"data-to"spacy" does not sentencize text based on custom sentencizer.


Following Ines' code example here: https://support.prodi.gy/t/adding-custom-attribute-to-doc-having-ner-use-attribute/356/6, I tried to create a custom sentencizer to deal with bullet points "•".

So I added a "custom_sentencizer" to the pipeline in meta.json and modified the model package's __init__.py as follows:

# coding: utf8
from __future__ import unicode_literals

from pathlib import Path
from spacy.util import load_model_from_init_py, get_model_meta
from spacy.language import Language

__version__ = get_model_meta(Path(__file__).parent)['version']

def load(**overrides):
    Language.factories['custom_sentencizer'] = lambda nlp, **cfg: CustomSentencizer(nlp, **cfg)
    return load_model_from_init_py(__file__, **overrides)

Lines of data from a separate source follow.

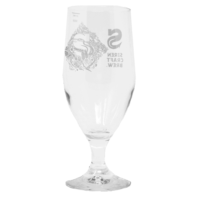 Auf der Vorderseite des Glases sind das Siren-Logo aufgedruckt und auf der Rückseite die Markierung für ein halbes Pint.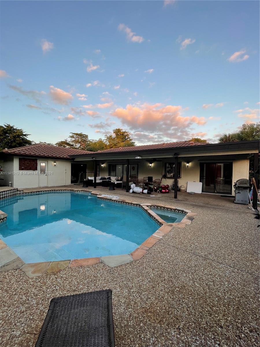 Spacious 1-story home with 4 bedrooms, 2 and half bathrooms and 2 car garage. The house has a stunning backyard with a pool and wood terrace, perfect for outdoor entertaining. The master has his and her sinks in the bathroom and huge walking closets. The house had renovations done with a new roof in 2015, new a/c unit in 2020, water heater, pool pump, garage door in 2019, and so much more! All windows have hurricane shutters. This is a wonderful opportunity to own a house in a fantastic location, excellent neighborhood with a great school zone. Refrigerator and stove are not included, a credit will be provided at closing.
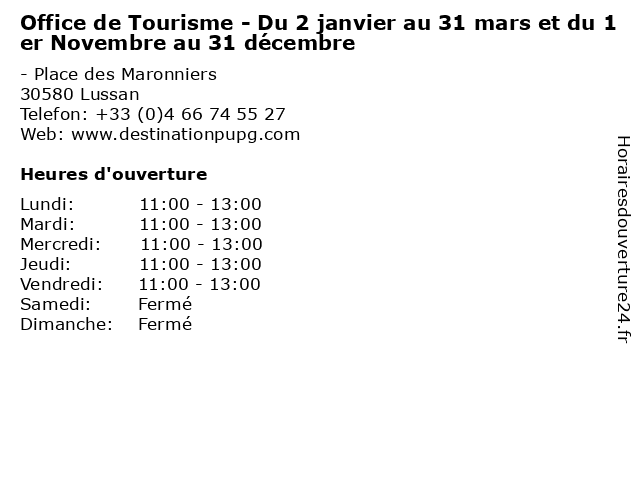| Samedi | Fermé |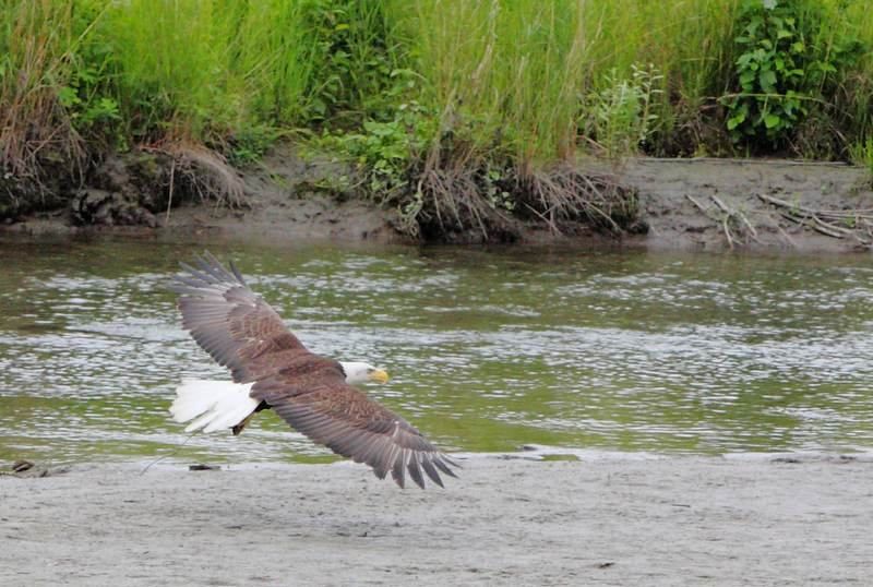 Cette fois ci nous roulons en direction de Valdez par un temps splendide mais comme les nuages sont en fond de vallée nous allons rencontrer très vite le brouillard à la descente. Je fais un stop pour dépanner un américain qui est en panne sur le bord de la route, batterie à plat, nous branchons les câbles sur Hugo et il repart au quart de tour, ma BA de la journée est faite. Arrivés sur Valdez nous nous rendons directement sur la route qui conduit au terminal du pipeline afin de voir les ours qui se gavent de saumon. Pour le moment ils ne sont pas là (les ours) mais je peux shooter à loisir les "bald eagle" qui sont en grand nombre ici. Il est 10h00 et nous allons patienter jusque midi pour enfin voir une mère grizzli avec ses quatre petits mais nous sommes déçus de voir comment cela se passe. Les vacanciers qu'ils soient américains où étrangers sont en nombre et les ours sont complètement apeurés, la mère ayant été séparée de ses petits il faut qu'elle puisse traverser la route pour les rejoindre. La haie que forment les photographes de tous poils l'en empêche, elle devra faire un détour pour rejoindre les "cubs". Finalement tout ce petit monde repartira dans les bois alentours certainement bien plus tranquille qu'au bord de l'eau. Ils vont revenir en soirée pour aller se gaver de saumon, espérons qu'ils soient plus au calme.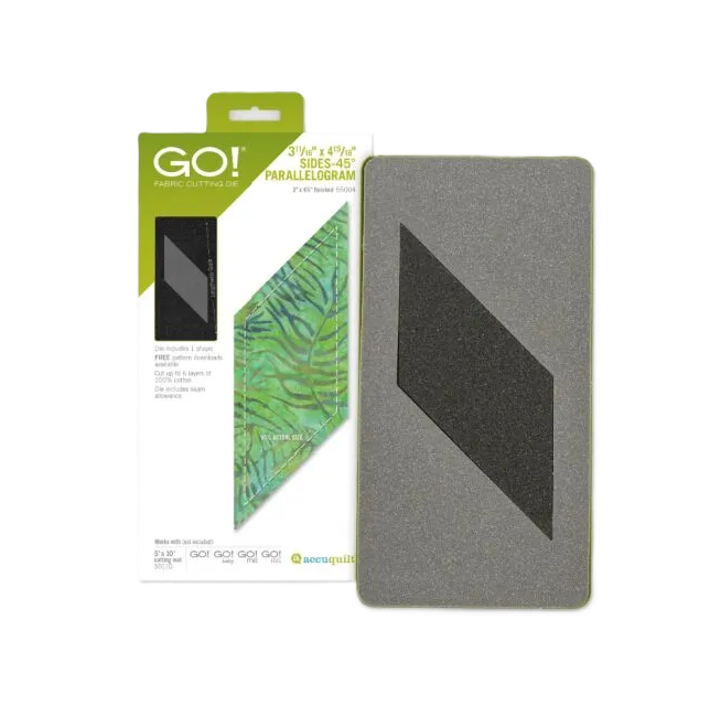 • Parallelograms are a basic building block in quilting. A simple shape that adds a great twist to quilt designs. The GO! Parallelogram-3 11/16" x 4 15/16" die is typically used with GO! Half Square Triangle-3" Finished Square (55009, 55775, 55778).

class CustomtSentencizer(object):
    name = 'custom_sentencizer'

    def __init__(self, nlp, **cfg):
        self.model = nlp

    def __call__(self, doc):
        for i, token in enumerate(doc[:-3]):
            if token.text == '•':
                doc[i].is_sent_start = True
                doc[i+1].is_sent_start = False
        return doc

Then I packaged it into en_custom and pip installed the tar.gz file.

However, after I annotated this test.jsonl file

{"text":"• This is sentence 1 • This is sentence 2"}


prodigy ner.manual test en_custom ./test.jsonl 

and converted to spaCy's JSON format via

prodigy data-to-spacy test_spacy.json --ner test

the text was not sentencized in the output JSON file i.e. there was still only 1 sentence under "sentences".

May I know what am I doing wrongly?

P.S. My en_custom model could sentencize the "text" above properly when I tried it on Jupyter Notebook.

Hi! It looks like you've done everything correctly in terms of setting up and packaging your sentencizer :slightly_smiling_face:

It looks like you've hit an interesting edge case here in data-to-spacy: the recipe currently uses a blank model with the default sentencizer to process the examples (mainly tokenization and sentence segmentation). ner.manual doesn't segment any sentences and just show you whatever you stream in – so you'll want to use your custom sentencizer when you conver the data for spaCy.

The easiest workaround for now would be to find the location of your Prodigy installation (you can run prodigy stats to get the path) and then open prodigy/recipes/train.py and find the data_to_spacy recipe function. You can then modify the calls to spacy.blank(lang) and nlp.add_pipe (first few lines) and either hard-code your model, or change it to spacy.load and remove the default sentencizer if you want to be able to pass in a model name instead of just a language code via --lang.

I'll try to think of a good way to solve this in a general-purpose way :thinking: I think just allowing a custom base model for tokenization and sentence segmentation instead of just a base language should work fine.

Just released Prodigy v1.10, which allows a --base-model argument on the data-to-spacy recipe. Ideally, you'd still have to call your component sentencizer so it's not disabled when the Doc objects are created (or perform your segmentation in the tokenizer). I'd love to resolve this as well, but this would require some deeper refactoring.